Abstract: This case study presents a utility distribution system harmonic analysis evaluation. The simulations were completed using the SuperHarm program. The analysis included frequency response and harmonic distortion simulations for a 13.2 kV substation and several industrial customers with power factor correction capacitor banks. The mitigation alterative included a shunt passive harmonic filter which reduced voltage distortion levels below the specified limitations.
INTRODUCTION
A distribution system harmonic analysis case study was completed for the system shown in Figure 1. The 13.2 kV utility substation included a 15 MVA, 230 kV/13.2 kV step-down transformer and a number of distribution feeders that supplied several industrial customers. There was a 2,400 kVAr, 13.2 kV capacitor bank at the substation bus and 600 kVAr and 450 kVAr capacitor banks on the two distribution feeders. The customer loads included 600 kVAr, 480 V power factor correction capacitor banks and a variety of nonlinear devices. The case study was completed using the SuperHarm® program. The accuracy of the simulation model was verified using three-phase and single-line-to-ground fault currents and other steady-state quantities.

SIMULATION RESULTS
Relevant utility system and customer data for the case included:
Substation capacitor bank rating: 2,400 kVAr
Short-circuit capacity at the 13.2 kV bus: 168 MVA (ISC = 7.326 kA)

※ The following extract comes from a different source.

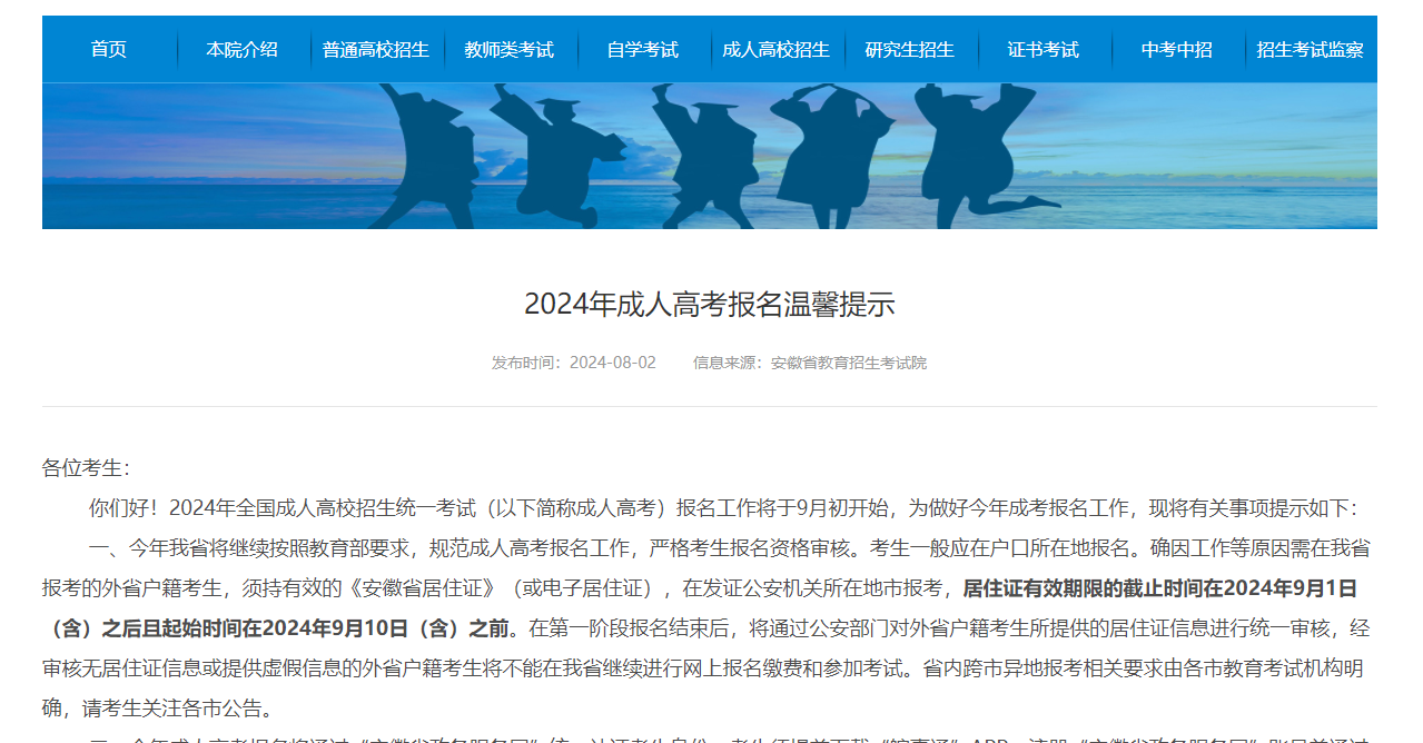 一、今年我省將繼續(xù)按照教育部要求,規(guī)范成人高考報名工作,嚴格考生報名資格審核。考生一般應在戶口所在地報名。確因工作等原因需在我省報考的外省戶籍考生,須持有效的《安徽省居住證》(或電子居住證),在發(fā)證公安機關所在地市報考,居住證有效期限的截止時間在2024年9月1日(含)之后且起始時間在2024年9月10日(含)之前。在第一階段報名結束后,將通過公安部門對外省戶籍考生所提供的居住證信息進行統(tǒng)一審核,經(jīng)審核無居住證信息或提供虛假信息的外省戶籍考生將不能在我省繼續(xù)進行網(wǎng)上報名繳費和參加考試。省內跨市異地報考相關要求由各市教育考試機構明確,請考生關注各市公告。

Substation load: 5,000 kVA, 0.95 pf
Feeder load: 1,500 kVA, 0.80 pf
Feeder capacitor bank ratings: 450 kVAr, 600 kVAr
Customer capacitor bank rating: 600 kVAr
Miscellaneous linear load: 800 kVA
Fluorescent lighting (ITHD = 21.7%): 400 kVA
DC drive (ITHD = 35.3%): 300 hp
PWM ASD (no choke – ITHD = 130.8%): 75 hp
PWM ASD (with 3% choke – ITHD = 45.1%): 100 hp
Switch mode power supplies (ITHD = 77.2%): 90 kVA
Figure 2 shows a representative simulated nonlinear load model current waveform (single phase) for the 300 hp dc drive operating at 75% power factor. The current had a fundamental frequency value of 343 A, an rms value of 363 A, and a THD value of 35.3%. The simulated waveform shown in Figure 2 was created using an inverse DFT with 256 points per cycle. The nonlinear load characteristics were determined using field measurements at the customer facilities.

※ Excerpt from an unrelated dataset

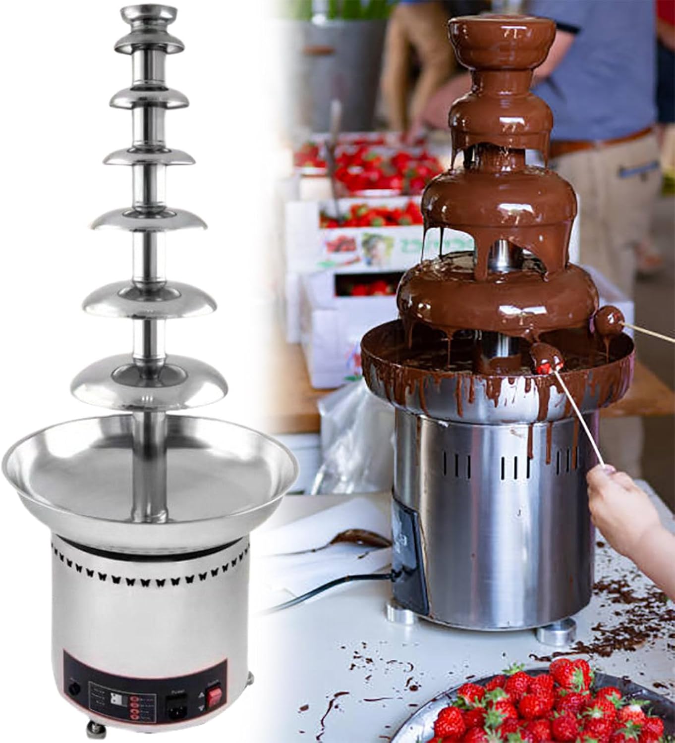 Dual enjoyment of vision and taste: The dynamic chocolate waterfall and aroma can attract customers' attention, especially suitable for couples and families, and enhance the fun of dining. Interactive social communication: Customers can DIY dip ingredients (fruits, desserts, etc.), take photos and share them on social media, bringing frees exposure to the restaurant. High-end scene sense: Suitable for weddings, banquets, and festivals, to enhance the level of activities and meet customers' needs for a sense of ceremony. High value-added product premium: Chocolate/sesame sauce and other dipping sauces can be paired with affordable ingredients (such as marshmallows and cookies) to increase the price of a single product. Extend stay time: Fun experience encourages customers to stay longer, indirectly stimulating other consumption (such as drinks and desserts). Multi-functional application scenarios: In addition to desserts, it can also be used for hot pot sesame sauce, cheese spray, etc., to expand the diversity of the menu. Energy-saving, and long-term cost control Low energy consumption design: Commercial-grade motors and heating take into account efficiency and energy saving, suitable for long-term operat. Long-life material: 304 stainless steel and leak-proof structure reduce failure rate and reduce maintenance and replacement costs. Automatic operat: constant temperature control and circulating flow design reduce manual intervention and avoid food waste or deterioration. Package includes: 1*Chocolate Fountain Machine

Figure 3 shows the impedance vs. frequency simulation result with the 2,400 kVAr, 13.2 kV substation capacitor bank in service (Case 7b). The base-case result with no utility or customer capacitor banks in service (Case 7a) is also shown on the graph so the two conditions can be easily compared. The simulated parallel resonance due to the addition of the shunt capacitor bank was 504 Hz (8.4th harmonic). A simple expression may be used to validate this result:
hr ≈ √ (MVA3Φ / MVAr3Φ) = √ (168 / 2.4) = 8.37 (502 Hz)
In addition, the simulated steady-state voltage rise with the 2,400 kVAr, 13.2 kV capacitor bank in service was 1.4%. This value may be validated using the following expression:
ΔV = (MVAr3Φ / MVAsc ) * 100 = (2.4 / 168) * 100 = 1.43%
where:
hr = parallel resonant frequency (x fundamental)

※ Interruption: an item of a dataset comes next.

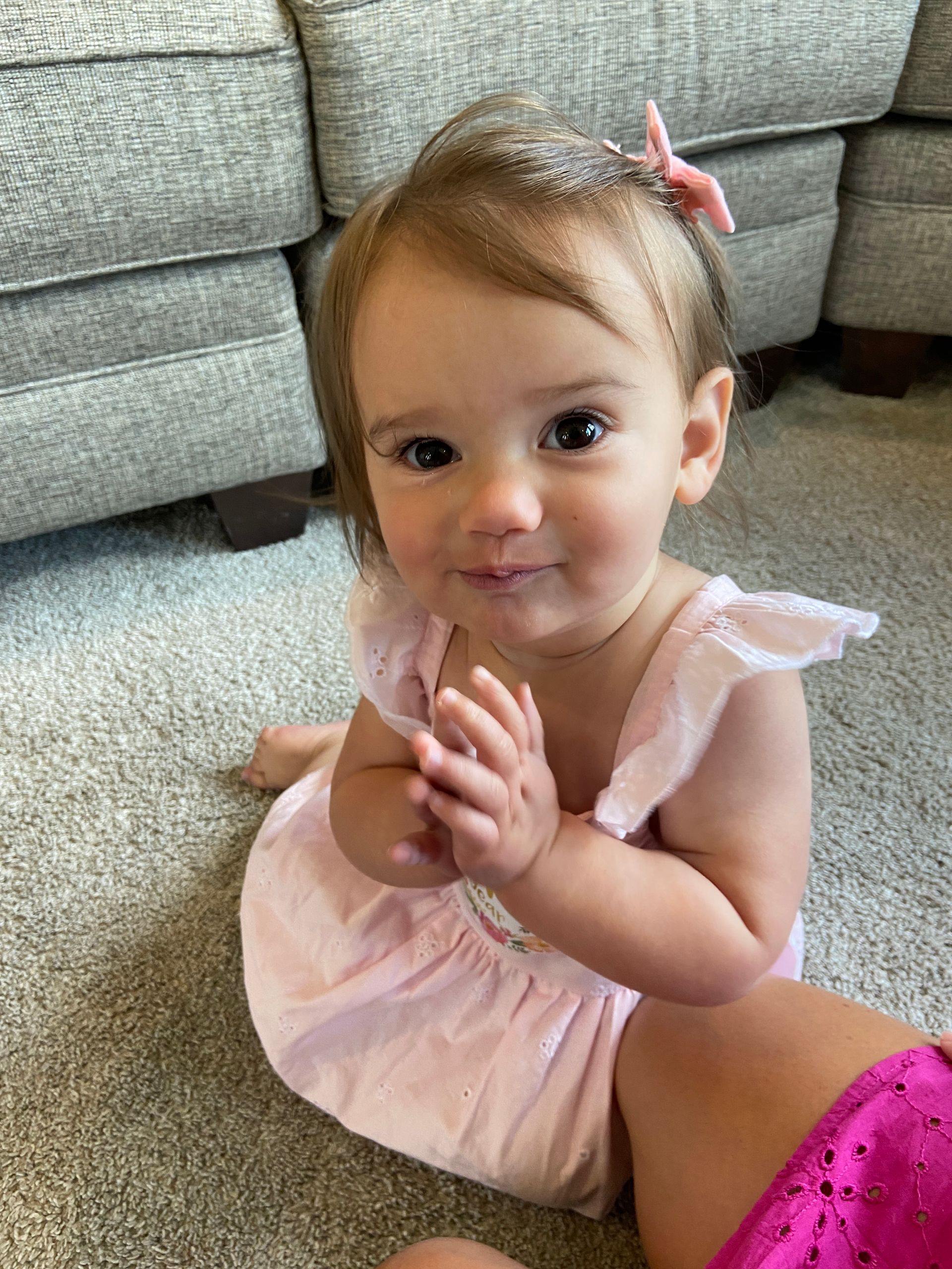 We are loving all the cute giggles we are getting from Claire these days. We can't seem to get as many on camera as we want but she is very fun these days!

ΔV = steady-state voltage rise (per-unit)
MVA3Φ = three-phase short circuit capacity (MVA = √313.2 kV7.3kA≈168MVA)
MVAr3Φ = three-phase capacitor bank rating (MVAr)

Figure 4 shows the impedance vs. frequency characteristic simulation results for the following system conditions:
– Case 7a: No utility or customer capacitor banks in-service
– Case 7b: 2,400 kVAr, 13.2 kV substation bus capacitor bank in-service
– Case 7c: 2,400 kVAr, 13.2 kV substation bus, 600 kVAr feeder #2, and 450 kVAr feeder #3 capacitor banks in-service
– Case 7d: 2,400 kVAr, 13.2 kV substation bus, 600 kVAr feeder #2, 450 kVAr feeder 3, and both 600 kVAr, 480 V customer capacitor banks in-service
The results show that the frequency response characteristic was very dependent on the status of the utility and customer capacitor banks. The addition of the two 13.2 kV distribution feeder capacitor banks moved the parallel resonance from the 8.4th harmonic to the 6.7th harmonic (Case 7c), while the addition of the two customer low voltage capacitor banks moved the parallel resonance to the 4.6th harmonic (Case 7d). The condition also resulted in a second parallel resonance near the 9.2nd harmonic. The addition of the other capacitor banks also created new parallel resonances at harmonics between the 12th and 24th.
The simulation results illustrate the fact that the frequency response characteristic was far more complex with multiple capacitor banks in-service than the trivial base-case with just one capacitor bank in-service (Case 7b).

Table 1 summarizes the results for the four corresponding harmonic distortion simulations. The table includes the simulated voltage distortion (VTHD) levels at five buses for the four different operating conditions previously summarized in Figure 4. The voltage distortion at the customer #2 low voltage bus exceeded the commonly applied 5% limitation for the case with the 600 kVAr, 480 V power factor capacitor bank in-service (Case 7d). In addition, the voltage distortion at the 450 kVAr, 13.2 kV capacitor bank location on feeder #2 was very close to exceeding the 5% limitation.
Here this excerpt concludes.